Prompt — Nothing but the lines below from the one with "Catalogue accompanying Dan" through the one with "Pour que votre" should be output, each exactly as given, and no pictures.
[[ Material for this exercise, beginning ]]
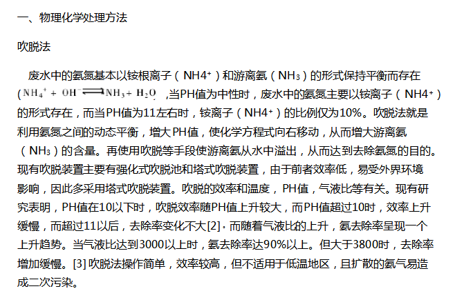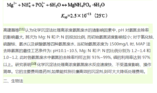 此方法氨氮處理效率較高(廢水經(jīng)處理后可達(dá)飲用水的標(biāo)準(zhǔn))、工藝流程簡單、占地面積少等特點(diǎn)。但此技術(shù)所需催化劑價格昂貴,且需要高溫和高壓的設(shè)備,暫時不能作為廣泛應(yīng)用的處理方法,但若處理好催化劑與廢水匹配問題,應(yīng)用前景廣泛。 化學(xué)沉淀法
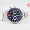 Мужские японские часы Seiko SSB407P1 c хронографомХронографФункция позволяет измерять отрезки времени с особой точностью: часы, минуты, секунды. Верным признаком хронографа является наличие на циферблате 3 дополнительных окошек-счётчиков., кварцевый механизм с высокой точностью. Минеральное стеклоМинеральное стеклоМинеральное стекло представляет собой искусственно выращенный минерал кварца. Такое стекло отличается особой устойчивостью к повреждениям и царапинам. Уступает по некоторым качествам сапфировому стеклу., устойчивое к появлению царапин, обладающее высокой прозрачностью. Класс водозащиты: 100 метров, позволит плавать, нырять и заниматься другими водными видами спорта. Корпус и браслет часов изготовлен из стали. Неподвижный безельБезельВнешний ободок, закрепляющий стекло. В спортивных часах так называется поворотное кольцо с делениями на циферблате, выполняет роль таймера – замеряет отрезки времени на шкале. Неподвижный безель – элемент декора. Однонаправленно вращающийся безель на дайверских часах позволяет фиксировать моменты погружения и выныривания на поверхность. со шкалой тахиметраТахиметрРазмеченная шкала, располагается на ободке или безеле часов. Тахиметр позволяет рассчитать скорость на определённом участке пути, расстояние измеряется в километрах или милях.. Стрелки и метки с люминесцентным покрытиемЛюминесцентное покрытиеПозволяет считывать показания времени в темноте. Производители наносят на стрелки, часовые индексы, безель или поверхность циферблата светонакопительный состав, дающий холодное свечение. LumiBrite. Браслет на раскладной застёжкеРаскладная застёжкаТакой тип застёжки используется только на браслетах из металла. Она никогда не раскрывается полностью, происходит разделение на 2 и более частей. Раскладывающая застёжка снизит вероятность потери часов к минимуму. с кнопками. СекундомерСекундомерСекундоме́р — прибор, способный измерять интервалы времени с точностью до долей секунды.. Окошко даты находится в положении между 4 и 5 часов.
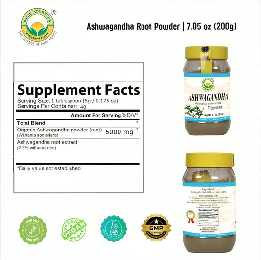 Organic Ayurvedic Ashwagandha Powder for Energy, Focus, and Mood Support - 7.05 Oz (200g)
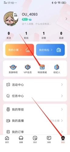1、进入后,先点击右下方的“我的”,接着进入页面里的“特效商城”。
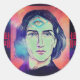 Portrait d'imaginaire Art numérique. Ces trois yeux vous regardent. Est-ce un elfe, un mage, ou autre chose ? Un mystère, une énigme. Des étoiles et des nébuleuses derrière lui. Un anneau de flamme pâle l'entoure.Texte : 화 재 - feu, talent artistique
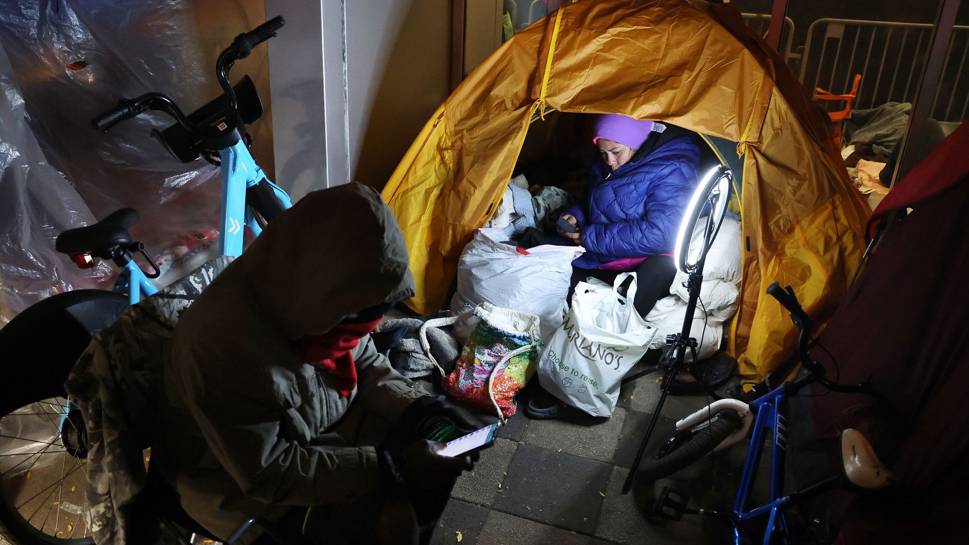 Yessica Karolina Badell Palmar, right, a migrant from Venezuela, in her tent outside the Chicago police 1st District station on South State Street. Photo: Terrence Antonio James/Chicago Tribune/Tribune News Service via Getty Images
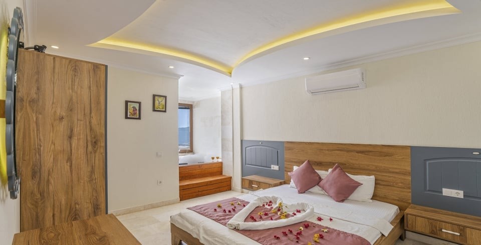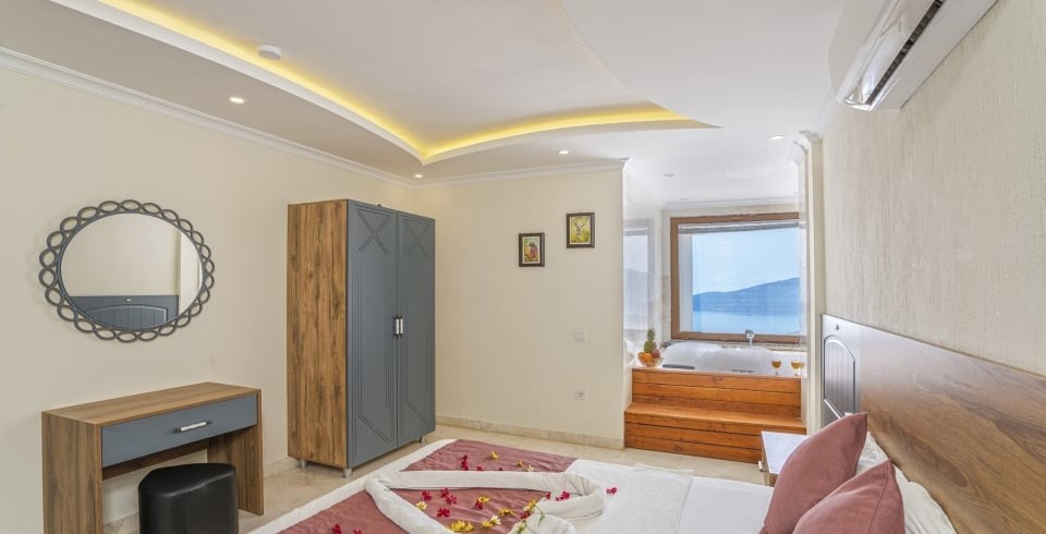 1.Yatak Odası: Deniz manzaralı yatak odasında çift kişilik yatak, televizyon, komodin, klima, elbise dolabı, jakuzi ve banyo tuvalet bulunmaktadır.
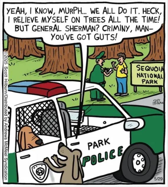 Dogs marking trees? Normal. Doing it on General Sherman? Criminally bold. Hilburn’s park-themed comic hits the sweet spot between toilet humor and historical reverence.
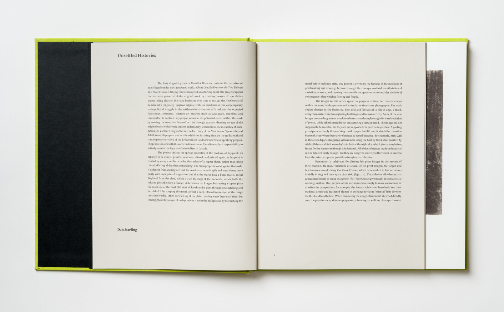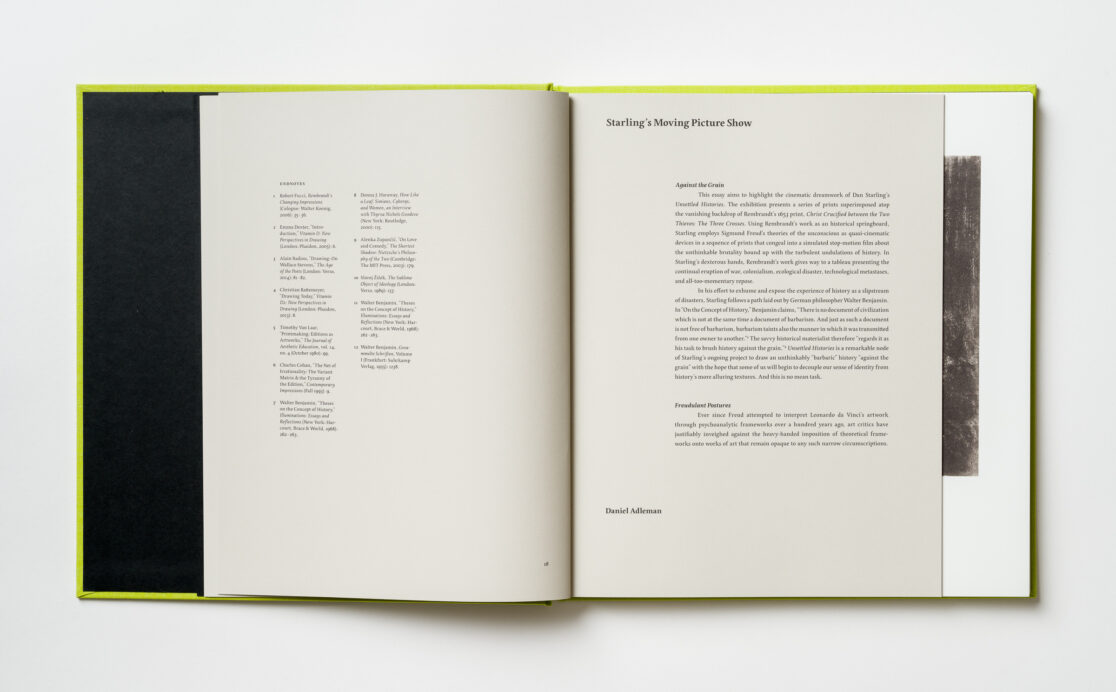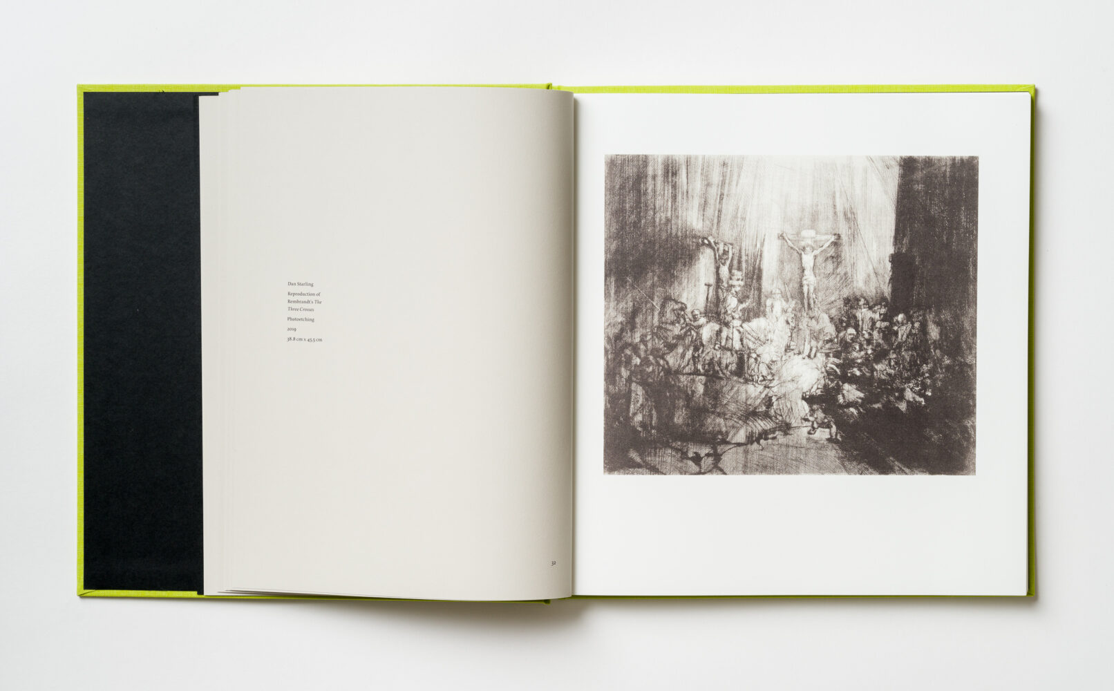 Catalogue accompanying Dan Starlings’s exhibition Unsettled Histories. Taking as his starting point Rembrandt’s renowned etching, Christ Crucified Between Two Thieves, Starling created 40 drypoint prints, using just one piece of copper, drawn upon and rubbed flat each time, printed again and again, embellishing the shadows of the erased images to create unstable tableaus. Creating a shifting narrative and unsettling the history outside the walls of Jerusalem, Starling imagined 40 different possibilities history may have taken. The cover references Starling’s single copper plate which he used to portray a multitude of propositions, fictions, literary accounts, and imaginings.
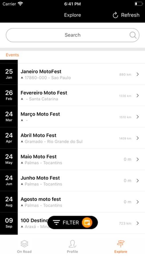 - Explore: here the user could to explore the motorcycle world by searching another riders, motogroups or events using filters to find a specific information.
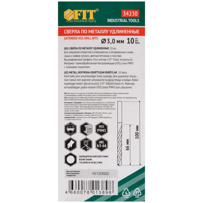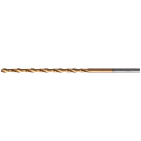 DIN 340, удлиненное. Цилиндрический хвостовик. Вышлифованный профиль. Класс точности А1. УголBзаточки 135 градусов. Материал: быстрорежущая (HSS) сталь Р9М3 c титановым покрытием. Упаковка: картонный конверт.
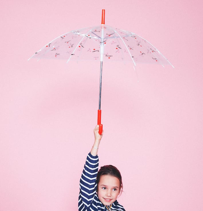 Pour que votre bout de chou se balade avec des bisous partout au-dessus de lui lorsque les jours sont tout gris, ce parapluie transparent est un indispensable pour avoir le smile ! Un accessoire du quotidien qui rend instantanément happy, c’est l’effet parapluie de la joyeuse marque Mathilde Cabanas. Grâce à son joli motif Bisou, votre enfant affrontera désormais la pluie avec le plus grand des sourires. Existe aussi en format pour adulte ici !
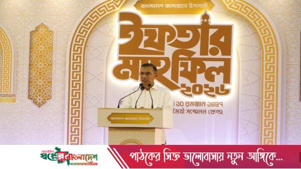 বাংলাদেশ জামায়াতে ইসলামী আয়োজিত ইফতার মাহফিলে অংশগ্রহণ করবেন বিএনপির চেয়ারম্যান ও প্রধানমন্ত্রী তারেক রহমান। অনুষ্ঠানটি অনুষ্ঠিত হবে আজ রাজধানীর বঙ্গবন্ধু আন্তর্জাতিক সম্মেলন কেন্দ্রের চীন-মৈত্রী সম্মেলন কেন্দ্রে। বিএনপির মিডিয়া সেল বিষয়টি
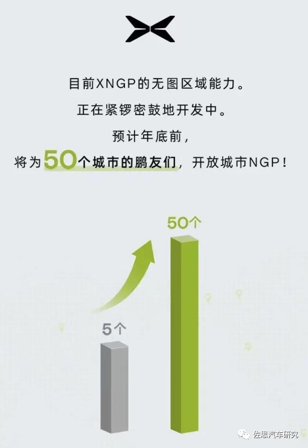 小鹏汽车城市NGP在有高精地图的情况下在5个城市开放,其计划年底前在50座城市推出XNGP辅助驾驶技术,并正在开发XNGP的无图区域能力。
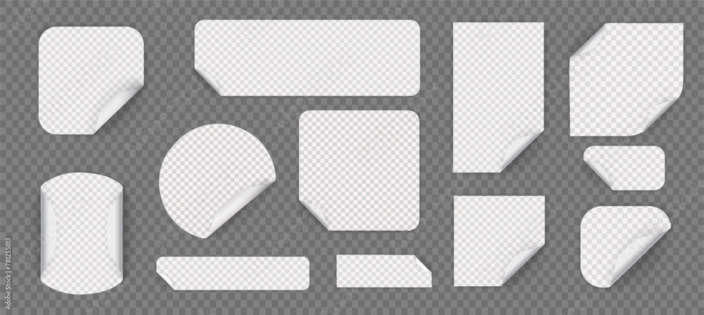 White stickers. Blank adhesive sticker with folded or curled corners ...
[[ Material for this exercise, end ]]
Result of the exercise —
 Catalogue accompanying Dan Starlings’s exhibition Unsettled Histories. Taking as his starting point Rembrandt’s renowned etching, Christ Crucified Between Two Thieves, Starling created 40 drypoint prints, using just one piece of copper, drawn upon and rubbed flat each time, printed again and again, embellishing the shadows of the erased images to create unstable tableaus. Creating a shifting narrative and unsettling the history outside the walls of Jerusalem, Starling imagined 40 different possibilities history may have taken. The cover references Starling’s single copper plate which he used to portray a multitude of propositions, fictions, literary accounts, and imaginings.
 - Explore: here the user could to explore the motorcycle world by searching another riders, motogroups or events using filters to find a specific information.
 DIN 340, удлиненное. Цилиндрический хвостовик. Вышлифованный профиль. Класс точности А1. УголBзаточки 135 градусов. Материал: быстрорежущая (HSS) сталь Р9М3 c титановым покрытием. Упаковка: картонный конверт.
 Pour que votre bout de chou se balade avec des bisous partout au-dessus de lui lorsque les jours sont tout gris, ce parapluie transparent est un indispensable pour avoir le smile ! Un accessoire du quotidien qui rend instantanément happy, c’est l’effet parapluie de la joyeuse marque Mathilde Cabanas. Grâce à son joli motif Bisou, votre enfant affrontera désormais la pluie avec le plus grand des sourires. Existe aussi en format pour adulte ici !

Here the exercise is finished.